10. DEPOSIT. In the event this Order is cancelled for good cause, Seller shall return any deposit made by Buyer to Seller within three (3) business days of the same. In the event this Order is cancelled for any reason without good cause but prior to Seller’s manufacture of custom goods, Seller shall be entitled to retain half of the Deposit. In all other cases of cancellation, Seller shall be entitled to retain the Deposit.
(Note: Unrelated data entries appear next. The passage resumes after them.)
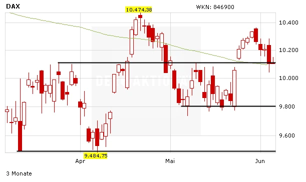 Der DAX wirkt nach den jüngsten Rücksetzern angeschlagen, deswegen die Flinte ins Korn zu werfen erscheint aber verfrüht. Noch hält der massive Unterstützungsbereich zwischen 200-Tage-Linie und 10.112 Punkten. Es wäre aber auch töricht, jetzt massiv in den Markt zu gehen. Erst einmal sollte der DAX die Hochs von April und Mai überwinden. Wer darauf spekluieren will, dass die Unterstützung hält, greift auf das im heutigen DAX-Check präsentierte Produkt zurück.
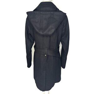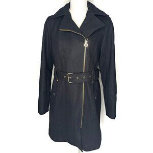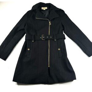 Michael Kors Asymmetric Zip Wool Blend Coat Black Women's Size 8 Belted Hooded
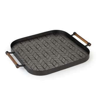 ถาดเสิร์ฟทรงสี่เหลี่ยมสีดำและสีขาวหรูหราทันสมัยเหมาะสำหรับการรับประทานอาหารร่วมสมัยของตกแต่งบ้านที่ทันสมัยและใช้ในชีวิตประจำวัน
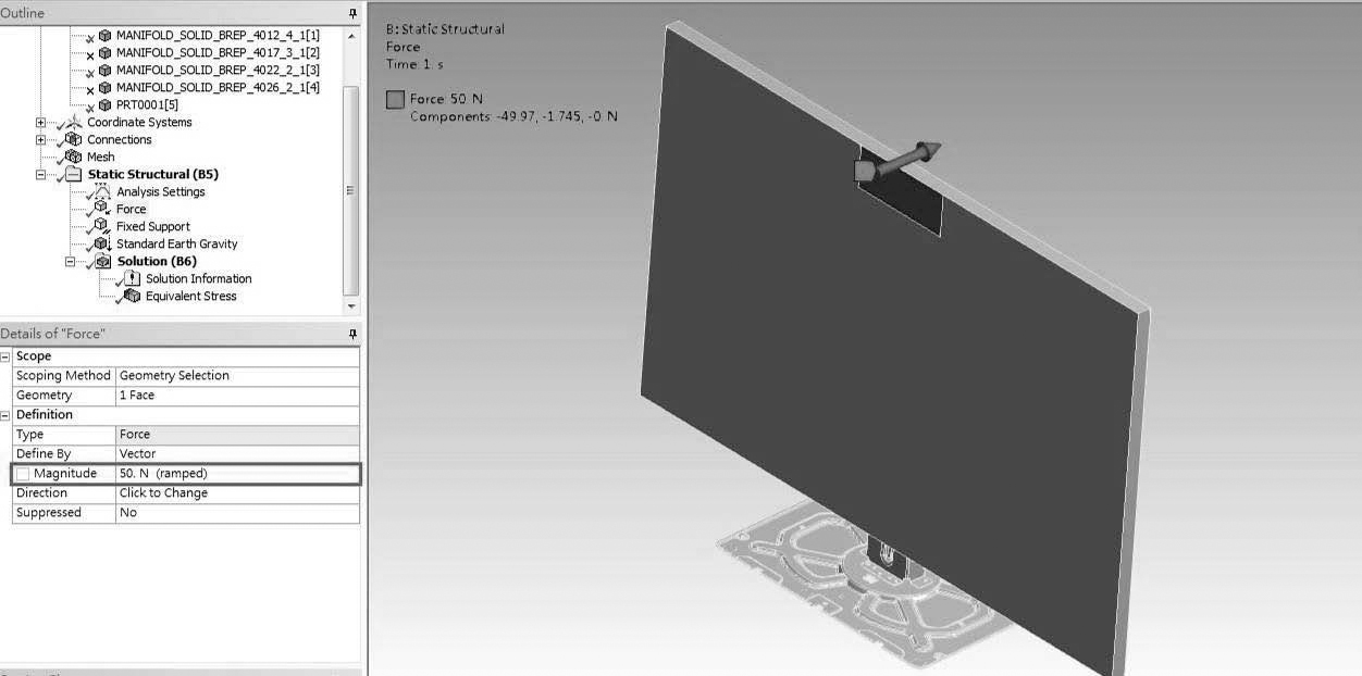 例如,一台液晶电视机受力分析,已知条件如图1-3-1所示:底盘固定,液晶电视机质量为62.8kg;载荷如图1-3-2所示:在方块区域加载50N;求底座支撑架应力值大小?

Buyer hereby retains a security interest in any Deposit made with respect to the goods or services to be delivered hereunder, together with the proceeds from the sale or other disposition thereof, until Seller has satisfied its obligation hereunder. Seller shall, upon request of Buyer, execute all documents and financing statement necessary to perfect such security interest.
11. APPROVAL OF CHANGES. For any custom Smooth-Bor component, Seller shall obtain Smooth-Bor’s written approval prior to making any change to the production method/materials (including those of a sub-contractor); a sub-contractor; test methods/equipment; and/or relocating production sites supplier must notify the buyer of any changes to the supplied products or services.